Le lecteur visé s’étant déjà vu refuser un ou plusieurs manuscrits, on peut considérer qu’il nourrit à l’égard du monde éditorial un solideressentiment. on n’hésiteras pas à conforter sa conviction :
a) que les éditeurs ne lisent pas les livres arrivés par la poste ;
b) que, s’ils viennent par désoeuvrement à en feuilleter un et à y repérer une promesse de talent, ils n’ont rien de plus pressé que de l’enterrer, par jalousie d’auteurs ratés ;
c) qu’ils ne publient jamais que des auteurs déjà publiés, sorte de mafia soudée par la terreur de voir des nouveaux venus leur disputer des miettes du gateau.On passera sans insister sur le fait :
a) que les auteurs publiés ont tout d’abord été des auteurs inédits, et la plupart du temps de parfaits inconnus ;
b) que l’intérêt d’un éditeur, et souvent sa passion, est précisement de découvrir de nouveaux talents ;
c) que l’intérêt du lecteur à gages n’est pas seulement d’expédier au plus vite cette besogne sous-payée, mais aussi de sortir de temps à autre un livre publiable, et que sa terreur serait plutôt de refuser Proust, comme l’a fait Gide, ou Céline comme presque tout le monde.
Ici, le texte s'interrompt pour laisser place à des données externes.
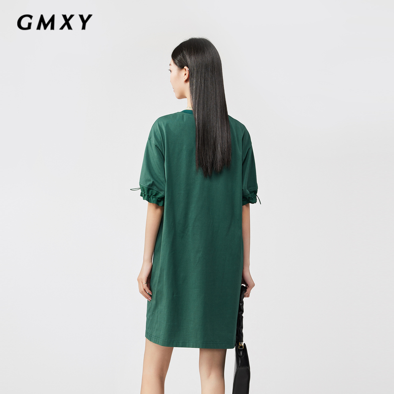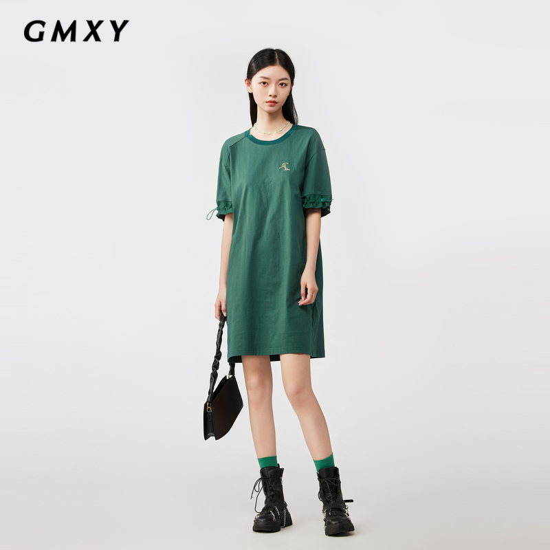 古木夕羊减龄时尚条纹设计T恤连衣裙女夏季简约百搭短袖中长裙
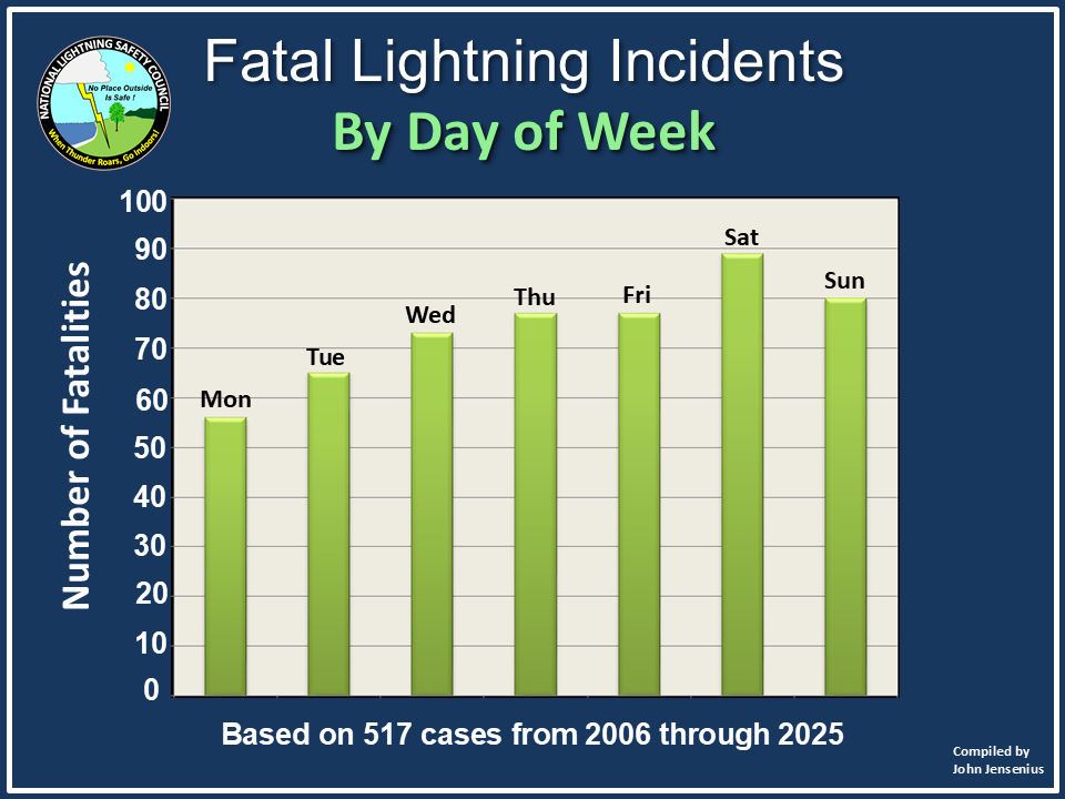 The following links provide summary graphs and charts of U.S. lightning fatalities during recent years.

Plutôt que de rappeler ces évidences, lourdes d’une vérité désagréable (la grande majorité des manuscrits est illisible), on multipliera les anecdotes terrifiantes : placards bourrés de manuscrits jamais ouverts, en instance de renvoi, ou expériences comme celle d’Anne Gaillard qui avait adréssés à dix éditeurs parisiens les manuscrits de Hans d’Islande, de Victor Hugo, et de Mon village à l’heure allemande, prix Goncorut, de Jean-Louis Bory, et avait reçu neuf circulaires de refus (seul Georges Piroué, chez Denoel, avait éventé la supercherie).
A ce stade cependant, l’exercice présente une difficulté, qui lui donne sa saveur artistique : il s’agit, tout en noircissant au maximum le tableau, de laisser une lueur d’espoir. De présenter l’édition comme une forteresse presque inxepugnable, le presque justifiant l’emplette du livre salvateur. Et là, on est au pied du mur, il faut donner des recettes.
Le malheur, c’est que les recettes pour être lues tiennent en quelques lignes, disons quelques feuillets. Il est certes bon d’expliquer à un auteur sans expérience :
a) qu’un manuscrit ne doit en aucun cas être manuscrit, mais dactylographié, si possible proprement ;
b) que les fautes d’orthographe font mauvais effet et qu’il convient de se relire avec soin ;
c) qu’il vaut mieux ne pas adresser un recueil de poèmes à un éditeur de manuels techniques.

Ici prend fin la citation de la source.